The most expensive earthquakes in history were the 2011 Tohuku tragedy ($54.7 billion) and Northridge ($33.2 billion). Those figures are in Canadian currency, Grollimund said.

Grollimund referred to a report from AIR Worldwide – titled Study of Impact and the Insurance and Economic Cost of a Major Earthquake in British Columbia and Ontario/Québec – in which the company modelled the effects of two hypothetical earthquakes affecting Canada. The report, commissioned by Insurance Bureau of Canada and released in October, 2013, makes detailed predictions of the effects – including economic and insured losses – of a magnitude 9.0 earthquake off the west coast and a magnitude 7.1 quake northeast of Quebec City.

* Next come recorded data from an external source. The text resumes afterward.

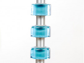 Mid-Century modern scandinavian floor lamp in aluminium and blue glass by Carl Fagerlund. Extendable leg. New electrical system brought up to EU standard. E27 bulb. New shade included.
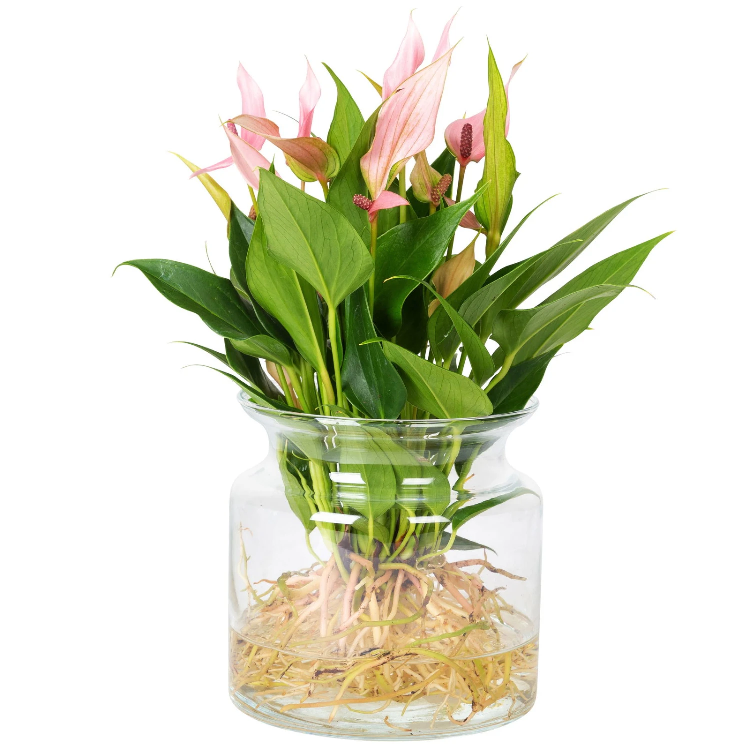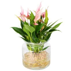 Mit dieser exklusiven Pflanzenschönheit holen Sie sich einen ganz besonderen Eyecatcher nach Hause: Diese exotische Flamingoblume (Anthurium) der Sorte ‚Lilli‘ kommt ganz ohne Erde aus und gedeiht ausschließlich in Wasser. In Kombination mit den rosa, lackartigen Hüllblättern der Blüten und den glänzenden, lanzettlichen Blättern ziehen die freigelegten Wurzeln in der modernen Glasvase mit Sicherheit alle Blicke auf sich! Aber auch als Geschenk ist diese Rarität für jeden Zimmergärtner eine schöne Idee.
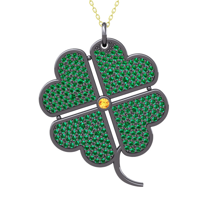 Sitrin ve yeşil kuvars 925 ayar siyah rodyum kaplama gümüş kolye (40 cm altın rolo zincir)
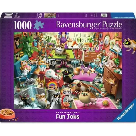 It’s controlled chaos at “The Cat Groomer” as the kitties are pampered to the max in this Ravensburger 1000-piece jigsaw puzzle by artist Dean MacAdam. Waiting your turn for “The Cat Groomer” to work her magic is no problem when there are so many spa treatments to enjoy! This frisky and fun puzzle shows pampered felines sitting under the hairdryer, catching up on the latest kitty gossip. One cat relaxes with a cucumber eye mask, another receives a traction treatment, and love is in the air! Of course, not everyone is thrilled — the cats being bathed look less than pleased. A purr-fect gift for any cat lover or puzzle enthusiast!
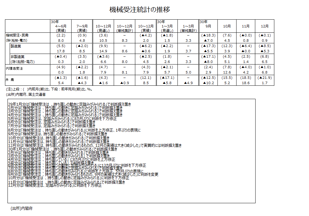 2018年12月分機械受注
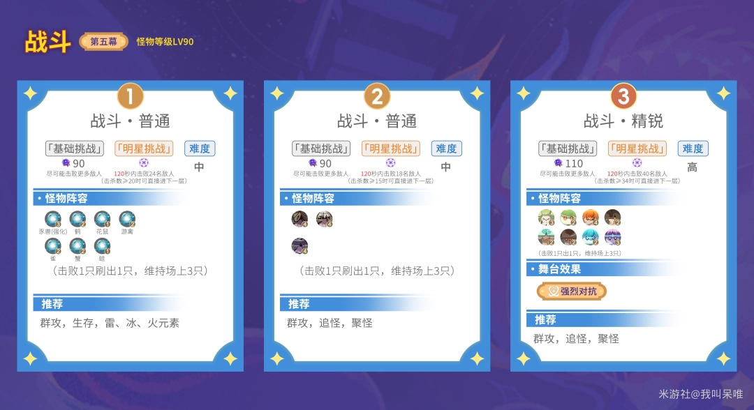 第5幕是怪物循环出现,要求我们达到一定的杀敌数量,输出要求明显有增加。低配建议不要死磕太难的关卡,配合BUFF选择合适的关卡即可。
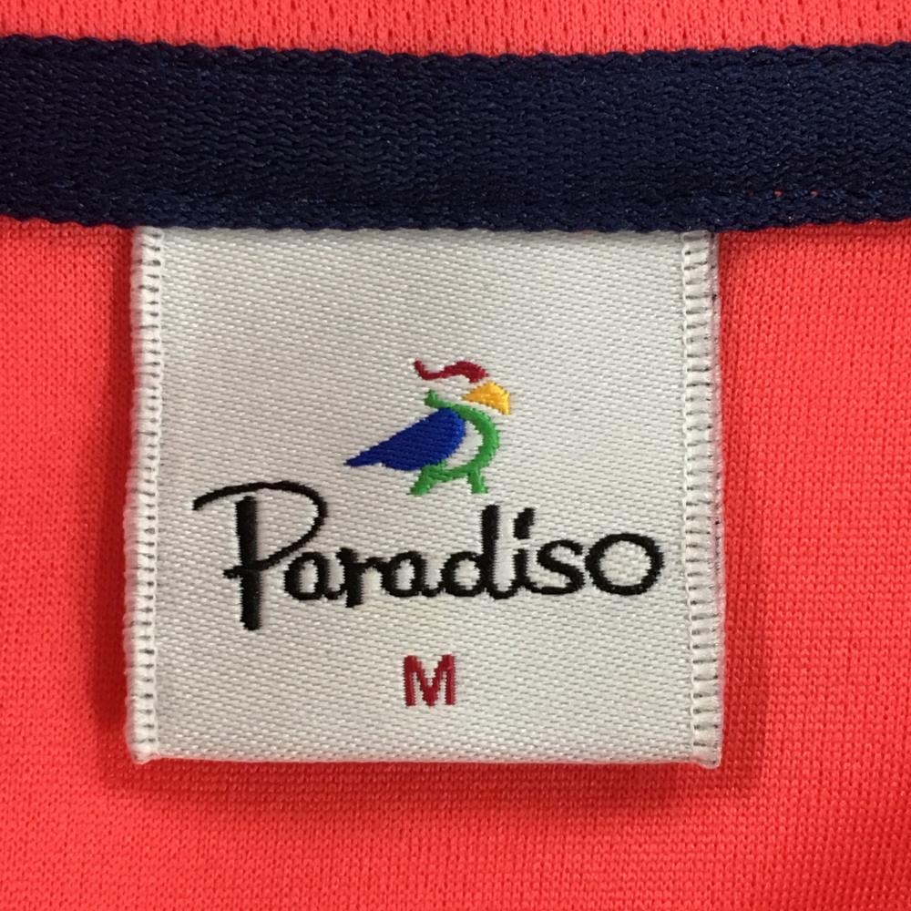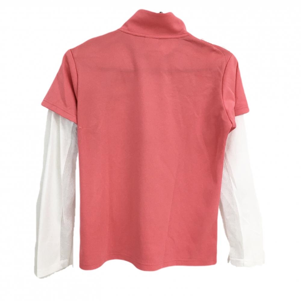 パラディーゾ 長袖ポロシャツ サーモンオレンジ×白 重ね着風 袖一部メッシュ レディース M ゴルフウェア Paradiso
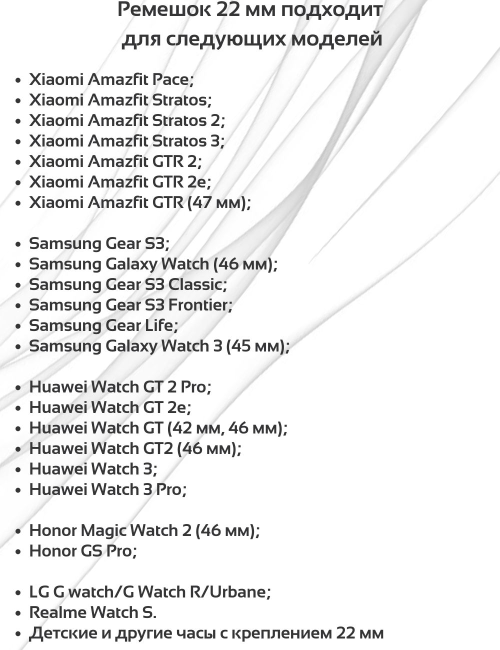Данный ремешок совместим с любыми моделями часов с шириной крепления 22 мм
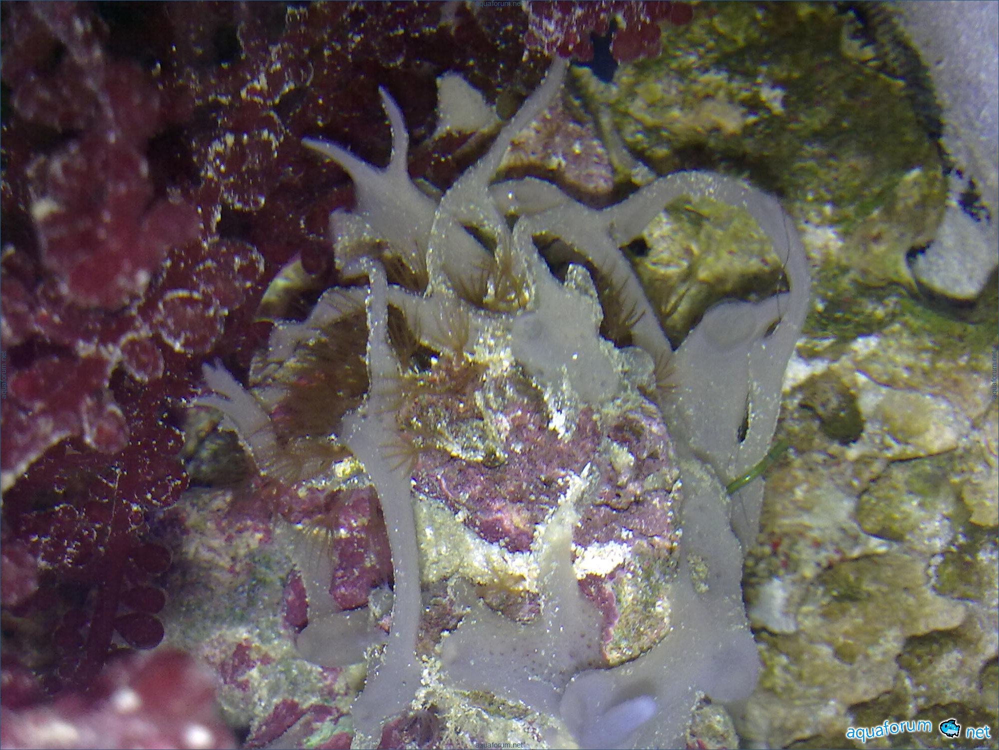 Некоторые губки боятся воздуха и пресной воды, зонтикам при этом ни чего не будет. Попробуйте поэкспериментируйте.... выхода ведь нет. Хотя больше похоже на какую-то водоросль....попробуйте сошкрябать с камнем.
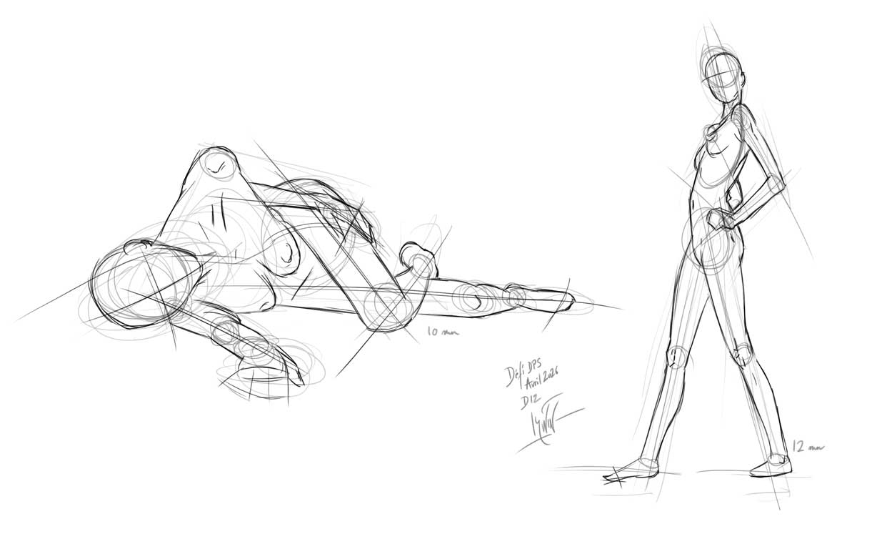 Bonsoir tout le monde ! J'ai quitté le niveau 1 et me voici... au niveau 2 pour l'exercice de gestuelle. Comment le dire simplement ? C'était un carnage 😂c'est la première fois que je fais un exercice avec un timer et moi qui met plusieurs minutes à faire 1 trait, qui le recommence parfois 30 fois et qui passe mon temps à zoomer dézoomer, j'ai du apprendre à capter l'essentiel rapidement et à le reproduire, sans gommer. Cette première session m'a fait rire en fait ! Les premières figures (à gauche) sont un fouillis paniqué de lignes 😂 après ça allait mieux je me suis détendue mais je n'ai pas eu le temps de finir les poses (le timer était sur 2 minutes pourtant 😶🌫️). Je continuerai sur le niveau 2 demain ! En tout cas, c'est très difficile ! Belle soirée ♥ -
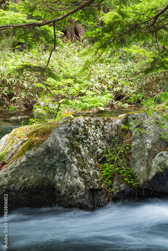 © pespiero, Naklejka premium 日本 長野県松本市安曇にある山岳景勝地の上高地 穂高神社奥宮神域の明神池の二之池から流れ出す渓流
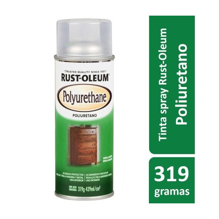 Rust-Oleum® Polyurethane é um poliuretano em aerossol que proporciona um acabamento protetor transparente que permite ver os veios da madeira, ressaltando sua beleza. Protege superfícies de madeira ou metal contra riscos, abrasão, manchas de água e produtos químicos. Oferece uma proteção duas vezes mais durável do que a obtida ao se utilizar um verniz convencional.
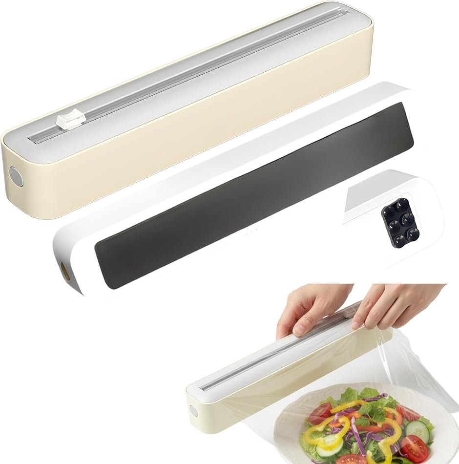 家庭用ラップホルダー・ロールカッターとして使える汎用デザインで、キッチンスペースになじむシンプルな外観が特徴です。

Large parts of suburban Vancouver would be affected by liquefaction – which also affected areas of Christchurch in 2011, said Grollimund.

“That’s the ground underneath the buildings, becoming not solid but liquid,” he said. “If you walk on the beach next to the place where the wave hits the sand and if you step on the sand too hard then your foot sinks in because the sand becomes liquid…that’s what happened here.”

The threat of an earthquake in B.C. should have reinsurers checking policy terms carefully, he said.

“As reinsurers we have always taken the easy way,” he said. “We have said, ‘our clients know what they are doing.’ They of course do, but we also need to understand what these policies look like. What do they cover when claims go really bad? How does that affect the claims process?”